SNP alignments in the PHYLIP format were fed to jModelTest.

#### Neighbor-joining Tree with MEGA ####

The neighbor-joining tree was constructed with MEGA with the following parameters:

* Test of phylogeny was set to bootstrap with 1000 pseudoreplicates.
* Substitution model/method was set to no. of differences.
* Substitutions to include were transitions and transversions.
* Rates among sites was set to Gamma distributed with a Gamma parameter of 0.59 (as per the output of jModelTest)

SNP alignments were fed to MEGA in the FASTA format.

#### Maximum-likelihood Tree with MEGA ####

The maximum-likelihood tree was constructed using MEGA with the following parameters:

* Test of phylogeny was set to bootstrap with 1000 pseudoreplicates.
* The model of substitution was set to General Time Reversible model.
* Rates among Sites was set to Gamma Distributed.
* No. of discrete gamma categories was set to 4 (as per the default number of categories in jModelTest)
* The ML heuristic used was Nearest-Neighbor-Interchange (NNI)
* The initial tree for ML was created automatically with default being neighbor-joining/Bio neighbor-joining
* Branch swap filter was set to none.
* Number of threads used was 12.

SNP alignments were fed to MEGA in the FASTA format.

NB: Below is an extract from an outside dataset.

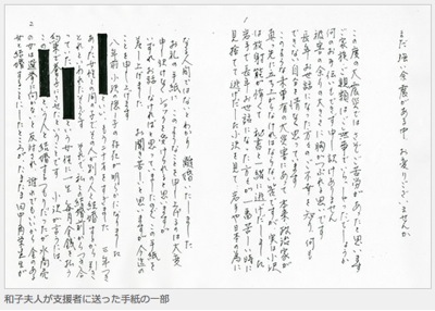 現在、消費税増税法案の採決をめぐって、小沢元代表は造反をちらつかせて野田政権を揺さぶっているが、和子夫人の手紙はそうした政治情勢にも大きな影響を与えそうだ。

#### Bayesian Inference with BEAST ####

The optimal tree distribution was found using Bayesian inference with the program BEAST with the following parameters:

##### Site Model #####
* The Gamma category count was set to 4.
* The Gamma shape parameter was set to 0.59.
* The proportion invariant (proportion of invariant sites) was set to 0.0.
* The substitution model was set to GTR, with each substitution parameter (AC, AG, etc) set to 1.0. (Default value)
* All substitution parameters, with the exception of CT, were estimated. (Default value)
* Frequencies for each were estimated. (Default value)

##### Clock Model #####
* A strict clock was used with a clock rate of 1.0.

##### Priors #####
* The tree prior was set to the Yule Model.
* Birth rate was set to uniform, with an initial value of 1.0 and constrained within the real numbers ([-inf, inf]).
* The GTR substitution parameters was set to a Gamma distribution.
* The GTR substitution parameters for each substitution type was initially set to 1.0 and constrained within the positive real numbers ([0,inf]).

##### MCMC #####
* The chain length was set to 10 000 000.
* The number of pre-burnin was set to 0.
* The number of initialization attempts was set to 10.
* Sample from prior was not initialized.

SNP alignments were given to BEAST in FASTA file format.

### 5 July 2016 ###

The Neighbor-Joining tree was visualized by passing the NEWICK file `run4mega-nj.nwk` to Dendroscope (the extension was changed to `newick` so that Dendroscope could accept it), where the labels of the internal nodes were interpreted as bootstrap values.

![Neighbor-joining Tree](run4mega-nj.png)

The Bayesian consensus tree was visualized using the following steps:
* TreeAnnotator v2.4.2 was used first to find the consensus topology, where the burnin percentage was first set to 10%. The node heights were set to mean heights, and the target tree was set to maximum clade credibility tree.
* The output file `run4bayes-consensus.nexus` given by TreeAnnotator was then fed into FigTree and the option 'node labels' was set.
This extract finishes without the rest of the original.